6.2 Resolution of Disputes. The members of the coordinating
committees of the Boards of Directors of ALLIED Mutual Insurance Company, ALLIED
Group, Inc., and ALLIED Life Financial Corporation ("Coordinating Committee")
shall be asked to resolve any disputes arising under this Agreement.
Notwithstanding anything in this Agreement to the contrary, if any disputes
under this Agreement must be resolved by arbitration pursuant to Section 7.0,
termination of this Agreement which otherwise would occur shall not occur until
after final resolution by the arbitrator.

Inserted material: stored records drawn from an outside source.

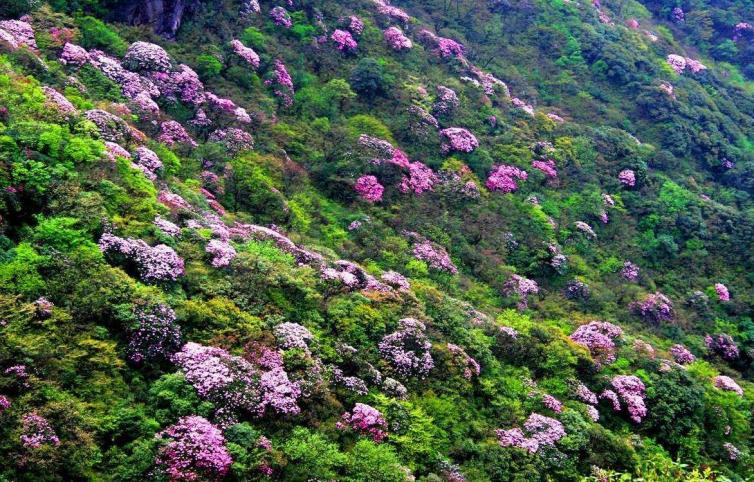 原生态高山杜鹃,没有一花一株是人工移植。五彩杜鹃遍布山脊;深红、粉红、深紫、鹅黄,淡白,色彩斑斓,璀灿成趣。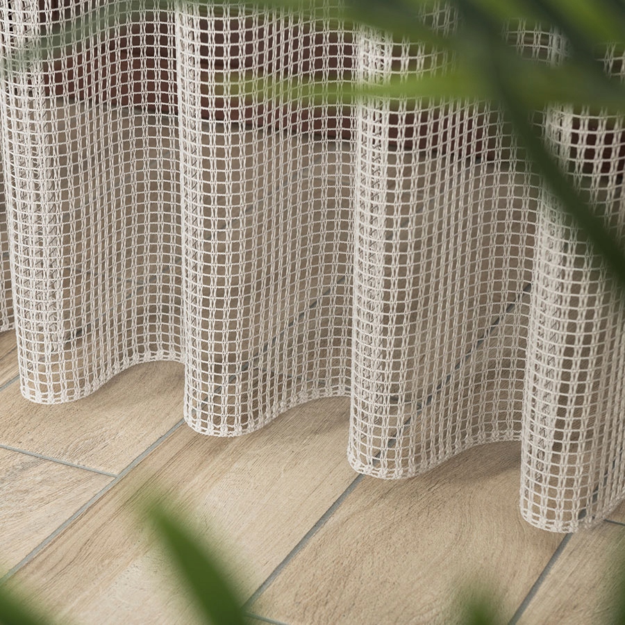 Мягкая и нежная. легкий, прекрасно драпируется, пропускает много света и благодаря сетчатой структуре -> хорошо пропускает воздух.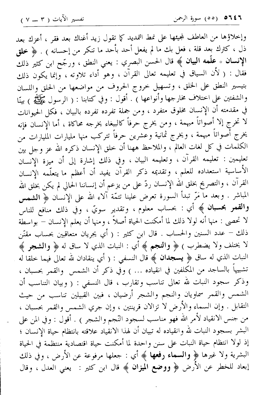 خَلَقَ الْإِنْسانَ* عَلَّمَهُ الْبَيانَ قال الحسن البصري: يعني النطق، ورجح ابن كثير ذلك فقال: (لأن السياق في تعليمه تعالى القرآن، وهو أداء تلاوته، وإنما يكون ذلك بتيسير النطق على الخلق، وتسهيل خروج الحروف من مواضعها من الحلق واللسان والشفتين على اختلاف مخارجها وأنواعها). أقول: وفي كتابنا: (الرسول صلى الله عليه وسلم) بينا في مقدمته أن الإنسان مخلوق متفرد، ومن جملة تفرده تفرده بالبيان، فكل الحيوانات لا تخرج إلا أصواتا مبهمة، ومن يخرج حرفا كالببغاء يخرجه محاكاة، أما الإنسان فإنه يخرج أصواتا مبهمة، ويخرج ثمانية وعشرين حرفا تتركب منها مليارات المليارات من الكلمات في كل لغات العالم، والملاحظ هاهنا أن خلق الإنسان ذكره الله عزّ وجل بين تعليمين: تعليمه القرآن، وتعليمه البيان، وفي ذلك إشارة إلى أن ميزة الإنسان الأساسية استعداده للعلم، وتقديمه ذكر القرآن يفيد أن أعظم ما يتعلمه الإنسان القرآن، والتصريح بخلق الله الإنسان رد على من يزعم أن إنساننا الحالي لم يكن بخلق الله المباشر. وبعد ما مر تبدأ السورة تعرض علينا تتمة آلاء الله على الإنسان

6.3 Resolution of Post Termination Disputes. In the event there are
any post termination disputes in connection with this Agreement, such disputes
shall be submitted to the Coordinating Committee for resolution.
7.0 Arbitration.
7.1. Selection of Arbitrators. Each party to this Agreement hereby
consents and agrees that any dispute between the parties hereto with respect to
the interpretation, performance, or breach of any of the terms of this Agreement
or the transactions contemplated by this Agreement which cannot be resolved by
the Coordinating Committee shall be referred to arbitration conducted in
accordance with the rules and procedures of the American Arbitration Association
("AAA"), upon written request of any party given to the others. Within thirty
(30) days of the giving of such written notice, the Life Segment and the P/C
Segment shall each nominate an AAA-licensed arbitrator (the "Party
Arbitrators"). Within thirty (30) days of their nomination, the two Party
Arbitrators shall select a third AAA-licensed arbitrator (the "Third
Arbitrator") and shall give the Life Segment and the P/C Segment written notice
or such choice.
7.2 Authority of Arbitrators. The arbitrators shall be empowered to
decide all issues submitted to arbitration using principles of law and equity
and, if required, by application of any customary practices in the insurance and
reinsurance industries. The arbitrators shall be relieved of all judicial
formalities and shall not be required to follow any rules of evidence except as
such rules may be imposed on arbitration proceedings conducted in accordance
with the laws of the State of Iowa, but the arbitrators shall attempt to enforce
the intents and purposes of this Agreement to the extent practicable and in
accordance with Iowa law. The decision of a majority of the arbitrators shall be
final and binding on the Life Segment, the P/C Segment, and their subsidiaries.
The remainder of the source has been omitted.